JavaScript Implementation
import Arcade from "@arcadeai/arcadejs";
import { executeOrAuthorizeZodTool, toZod } from "@arcadeai/arcadejs/lib";
import { Agent, run } from "@openai/agents";
const client = new Arcade();
const googleToolkit = await client.tools.list({
toolkit: "gmail",
limit: 30
});
const tools = toZod({
tools: googleToolkit.items,
client,
userId: "user_123"
});
const agent = new Agent({
name: "Email Agent",
instructions: "Help with email management",
model: "gpt-4o-mini",
tools
});
const result = await run(agent, {
input: "Draft email to team"
});
Multi-Agent Workflows
Open Agent Platform supports agent supervision where one agent coordinates multiple specialized agents.
Supervisor Pattern
Supervisor Agent: Routes tasks to appropriate worker agents
Worker Agents: Handle specific domains (email, calendar, data)

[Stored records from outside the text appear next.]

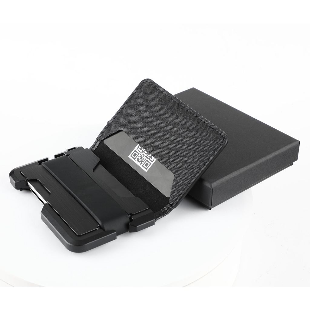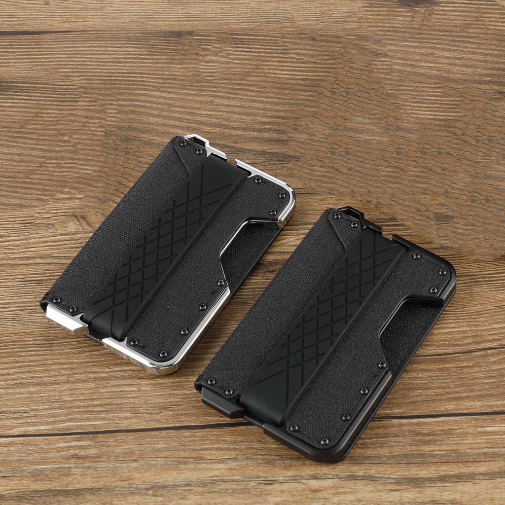 RFID Metal EDC Wallet with Leather Cover Ridge US Popular Money Clip Aluminium Card Holder Special Collection Card Case
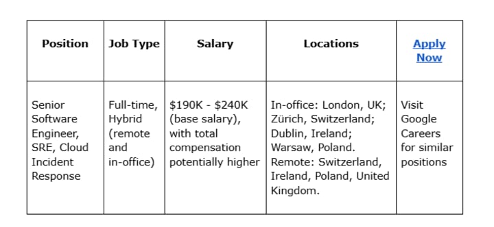 Are you ready to take your software engineering career to the next level? The role of a Senior Software Engineer, SRE, Cloud Incident Response at Google is not just a job—it’s an opportunity to work on cutting-edge technology, collaborate with world-class engineers, and make a real impact on billions of users. In this article, we’ll walk you through everything you need to know about this exciting role, from job details to how to prepare and apply. Whether you’re a seasoned professional or an aspiring engineer, this guide is your roadmap to success.
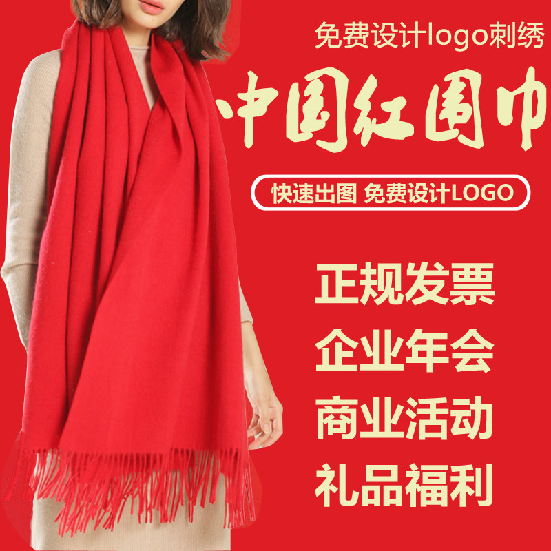 中国红围巾定制印logo刺绣男女披肩年会活动礼品本命年大红色围脖
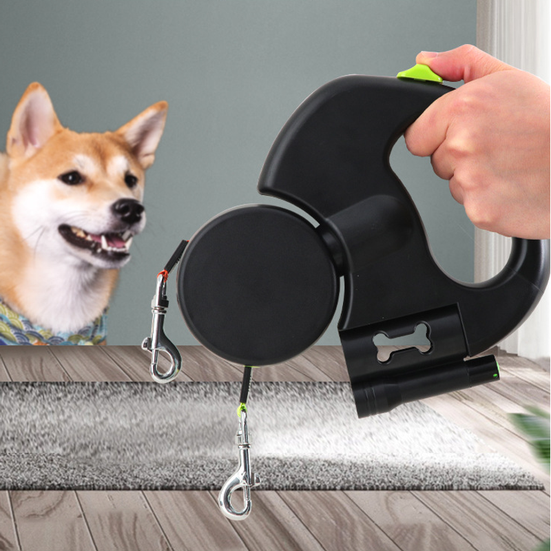 One-to-two automatic telescopic traction rope, easy to walk two dogs.
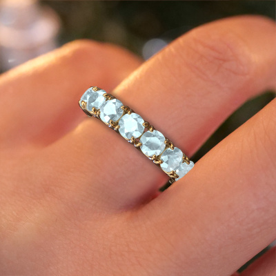 This Estee 4.2 ring in 14 Carat gold is set with aquamarine. This gold stacked Estee 4.2 ring is the perfect addition to your ring collection! As the name suggests, it is a ring which can be combined on one finger with another ring. It gives you the opportunity to create your own style. A stacked ring usually represents a certain memory of someone special or a memorable moment. It is common to combine a stacked ring, representing an anniversary, with a wedding ring. But this eternity ring, combined with your other rings, also makes a classy fashion item. The eternity Estee 4.2 ring, as shown here, can be customized to your liking. Our online tool offers many different options but please feel free to contact us if you want changes made to your Estee 4.2 ring, which are unavailable in our online tool.After receiving your order, our goldsmiths will passionately start the creative process of making your ring in our own studio. Because we don't have a big stockpile, these costs will not be passed on to you. Our pricing is proof of that! We offer top quality jewels at lowest price, guaranteed.To make it easier for you, we offer a 30 day return policy. Check our terms and conditions.
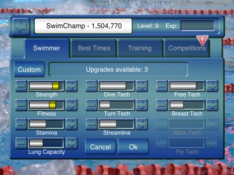 In-depth simulation with swimmer customization, training and upgrades including realistic athletic characteristics like strength, fitness, stamina and lung capacity, but also all the classic skills you can sharpen through practice: dive, turn, streamline and all strokes techniques.
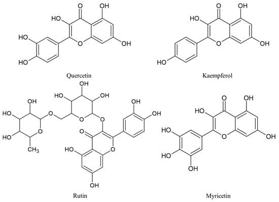 M. vulgaris, commonly known as the common morel, is a species of edible mushroom [68]. Phylogenetic and nomenclatural studies confirmed the status of M. vulgaris as a distinct species and resolved several of its synonymities [69]. The common morels have a unique and recognizable appearance with honeycomb-like caps with ridges and pits that give them a sponge-like texture. The caps can vary in color from pale tan to dark brown and are usually conical or cylindrical in shape [70,71,72]. M. vulgaris and other morel species have been studied for their bioactive compounds. There are some bioactive compounds found in morels which include antioxidants, polysaccharides, vitamin D, amino acids, and terpenes [72,73]. Morels are rich in antioxidants, which help protect the body against oxidative stress caused by free radicals. These antioxidants include compounds such as phenolic compounds, flavonoids (including quercetin, rutin, kaempferol, and myricetin), and ascorbic acid (vitamin C). Morels also contain various polysaccharides which are complex carbohydrates that possess immunomodulating, anti-inflammatory, and antitumor properties [74]. M. vulgaris is also a natural source of vitamin D which is essential for bone health, immune function, and various other physiological processes in the body. Morels contain several essential amino acids, including lysine, leucine, and valine. Morels also contain various terpenes, which are organic compounds responsible for the characteristic aroma and flavor of the mushroom [75]. Some terpenes found in morels, such as sesquiterpenes, have been investigated for their potential anti-inflammatory and anticancer activities. The selected compounds are depicted in Figure 4.
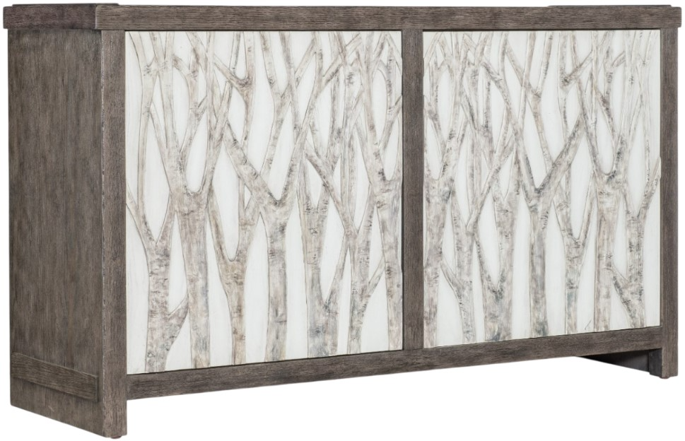 Finish: Dark wood with raised tree and branch motif on contrasting white background on door fronts
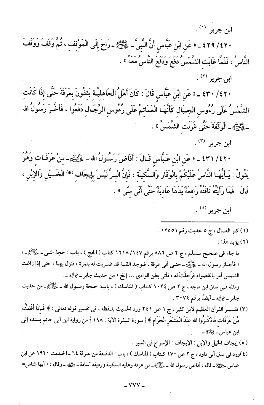 420/ 431 - "عَنِ ابْنِ عَبَّاسٍ قَالَ: أَفَاضَ رَسُولُ الله - صلى الله عليه وسلم - مِنْ عَرَفَاتٍ وَهُوَ يَقُولُ: يَأَيُّهَا النَّاسُ عَلَيْكُمْ بِالْوَقَار وَالسَّكِينَةِ، فَإِنَّ البِرَّ لَيْسَ بِإِيجَافِ (*) الْخَيْلِ وَالإِبْلِ، قَالَ: فَمَا رَأَيْتُهُ نَاقَتُهُ رَافِعَةٌ يَدَهَا عَادِيَةٌ حَتَّى أَتَى مِنًى".
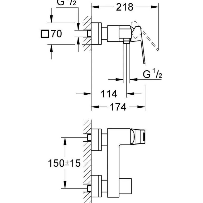 Yksikahvainen sekoitin suihkuun DN 15 -seinäasennuksella. Varustettu metallikahvalla, StarLight -kromipinnalla, säädettävällä virtauksen rajoittimella, suihkuliitännällä 1/2″ (alapuolella) ja sisäänrakennetulla takaiskuventtiilillä.
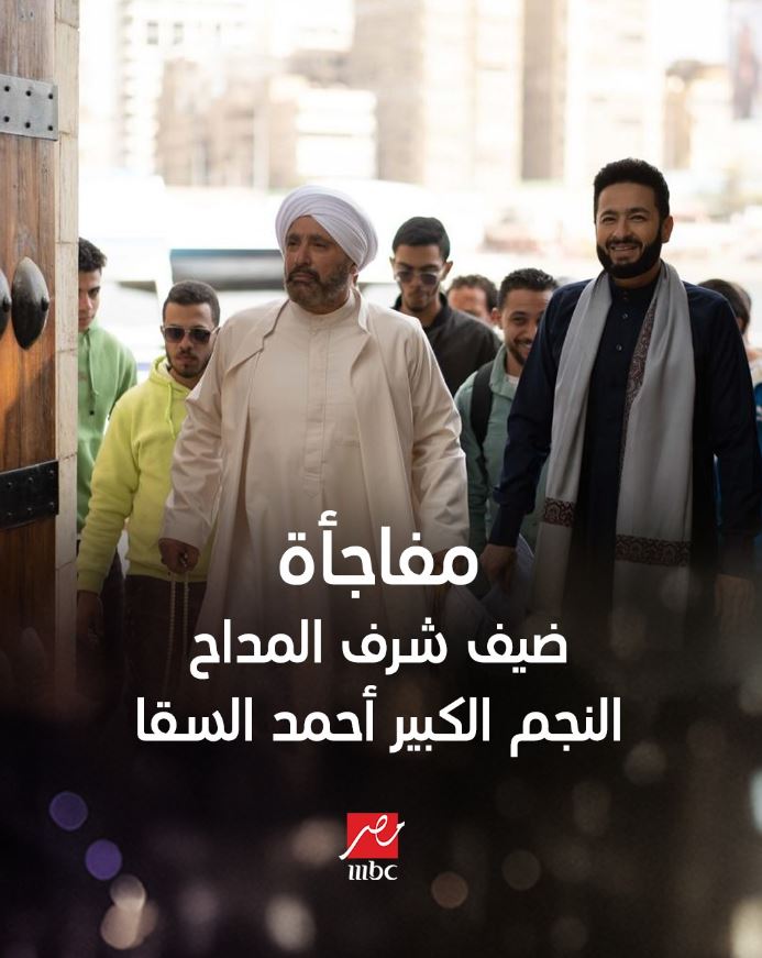 ونشر الحساب الرسمي للقناة صور من كواليس المسلسل النجمين أحمد السقا وحمادة هلال وعلقت عليه " مفاجأة ! ضيف شرف المداح أسطورة النهاية النجم الكبير أحمد السقا".
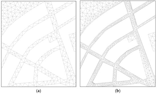 Detail of the 2D mesh without break lines and minimum element size of 25 m2 (a); detail of the 2D mesh with break lines and minimum element size of 5 m2 (b).
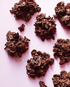 2.Place 2/3 cup chocolate in a medium heatproof bowl set over (not in) a pot of simmering water. Stir occasionally until chocolate melts, 3 to 5 minutes. Remove from heat and add remaining chocolate, stirring until melted. (Alternatively, microwave the chocolate in a bowl in 30-second increments, stirring after each, until melted.) Pour over cornflake mixture and, with a rubber spatula, gently fold just until cereal and cherries are completely coated.
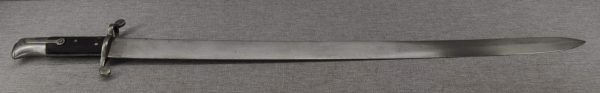 British Volunteer Naval sword bayonet most likely converted from Pattern 1859 cutlass bayonet. Retains the straight blade and is 686mm long with MR being 20.5mm. German contract blade with partial “Crown” stamp, possibly being ERFURT. No scabbard. (Reference WW 771 and BCB B167)
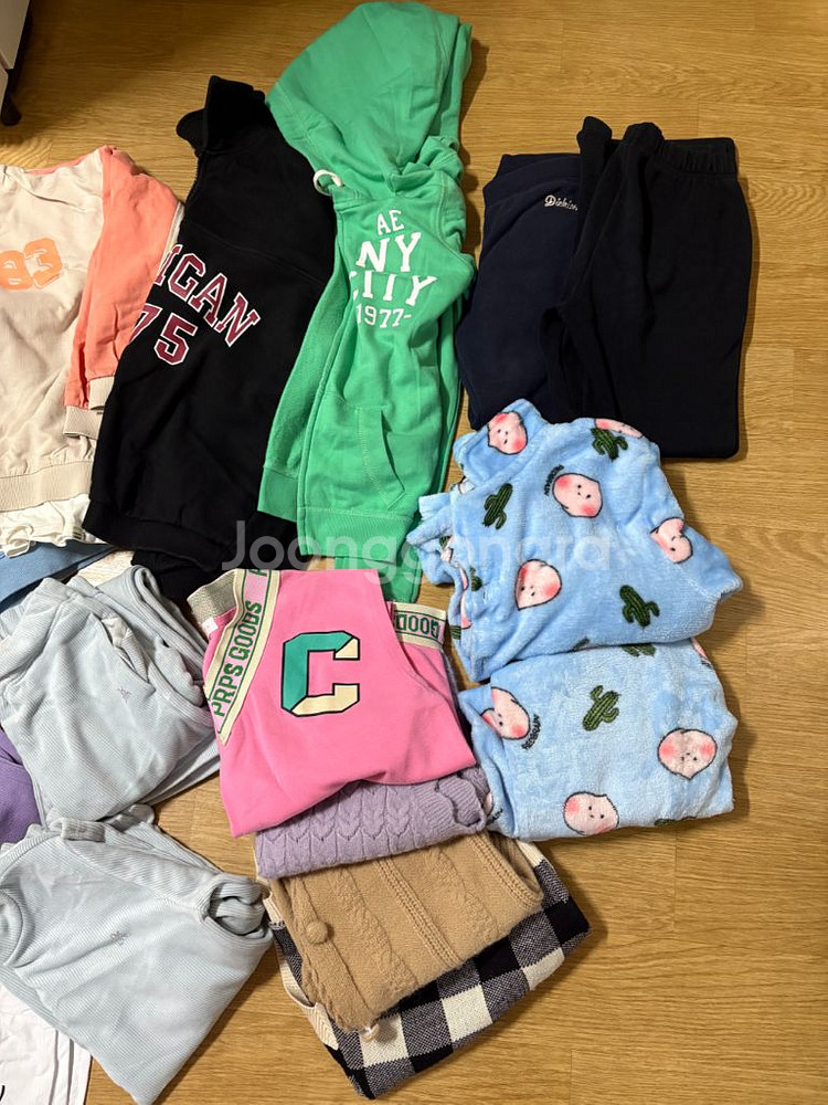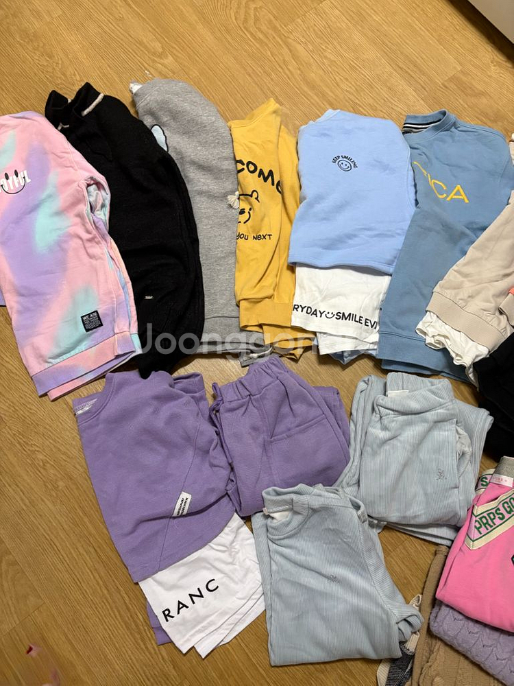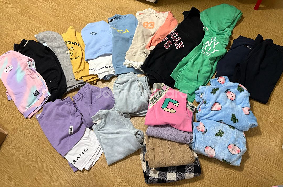 지금 입을수 있는 옷과 겨울옷들입니다 지퍼팩에 넣어나서 좀 구김이 있네요 티8개 ,후드집업1개,바지2개, 세트옷2개,조끼4개.수면잠옷 상태좋은옷만 빼서 판매해요 몇번안입은 옷들도 있구요 일괄만 판매해요 부피가 있어서 일반택배만 가능해요

Shared State: LangGraph manages state across interactions
Configuration:
supervisor = Agent(
name="Task Coordinator",
instructions="Route tasks to specialized agents",
model="gpt-4",
tools=supervisor_tools
)
email_agent = Agent(
name="Email Specialist",
model="gpt-4o-mini",
tools=gmail_tools
)
calendar_agent = Agent(
name="Calendar Specialist",
model="gpt-4o-mini",
tools=calendar_tools
)
Each worker agent maintains independent tool attachments and model configurations while the supervisor orchestrates workflow.
Production Configuration
Rate Limits
Arcade enforces tool execution quotas:
- Free: 100 calls/month
- Starter: 5,000 calls/month
- Growth: 100,000 calls/month
- Enterprise: Custom quotas
Monitor usage through the Arcade dashboard.
Security Setup
Implement these measures:
- Store API keys in secure key management systems
- Enable audit logging for tool executions
- Configure rate limiting at application level
- Verify webhook signatures for auth callbacks
- Regular OAuth scope audits
Monitoring Metrics
Track in production:
- Tool execution success/failure rates
- Authorization completion rates
- API latency per tool
- Token refresh frequency
- User quota consumption
Configure webhooks in Arcade dashboard for real-time alerts.
Update Agent MCP URLs
When changing MCP server configuration, update existing agents:
cd apps/web
npx tsx scripts/update-agents-mcp-url.ts
Required environment variables:
NEXT_PUBLIC_MCP_SERVER_URL=new-url
NEXT_PUBLIC_DEPLOYMENTS=deployments-json
LANGSMITH_API_KEY=langsmith-key
The script:
- Fetches all agents from configured deployments
- Identifies agents with MCP support
- Updates MCP URLs if changed
- Uses LangSmith API for authentication
Troubleshoot Common Issues
MCP Connection Failures
Verify:
NEXT_PUBLIC_MCP_SERVER_URLformatted without trailing/mcp- Network access to Arcade servers
- MCP authentication settings match configuration
- Arcade status page for service health
Authorization Loops
Check:
user_idconsistency across requests- Token storage configuration in Arcade dashboard
- OAuth redirect URLs match registered callbacks
- Token expiration settings
Tool Execution Timeouts
Solutions:
- Increase timeout in agent settings
- Check API rate limits on target services
- Verify network latency between components
- Review Arcade logs for specific errors
Missing Tools
Confirm:
- Toolkit names match available MCP servers
- MCP server connection established
- Tool filtering parameters correct
- Proper authentication to MCP server
Build Custom Tools
Create custom tools using the Arcade Tool SDK:
from arcade_tdk import ToolContext, tool
from arcade_tdk.auth import Google
@tool(
requires_auth=Google(
scopes=["https://www.googleapis.com/auth/gmail.send"]
)
)
async def send_email(
context: ToolContext,
to: str,
subject: str,
body: str
) -> dict:
# Implementation here
pass
Register custom tools in your Arcade deployment configuration and attach them to agents through the MCP server.
Next Steps
Expand your agent capabilities:
- Build custom tools with the Arcade Tool SDK
- Configure RAG integration for knowledge-enhanced agents
- Deploy multi-agent supervisor workflows
- Scale horizontally with load balancing
- Integrate additional MCP servers
The combination of Open Agent Platform orchestration, MCP standardization, and Arcade authentication enables production-ready AI agents that securely interact with real-world systems.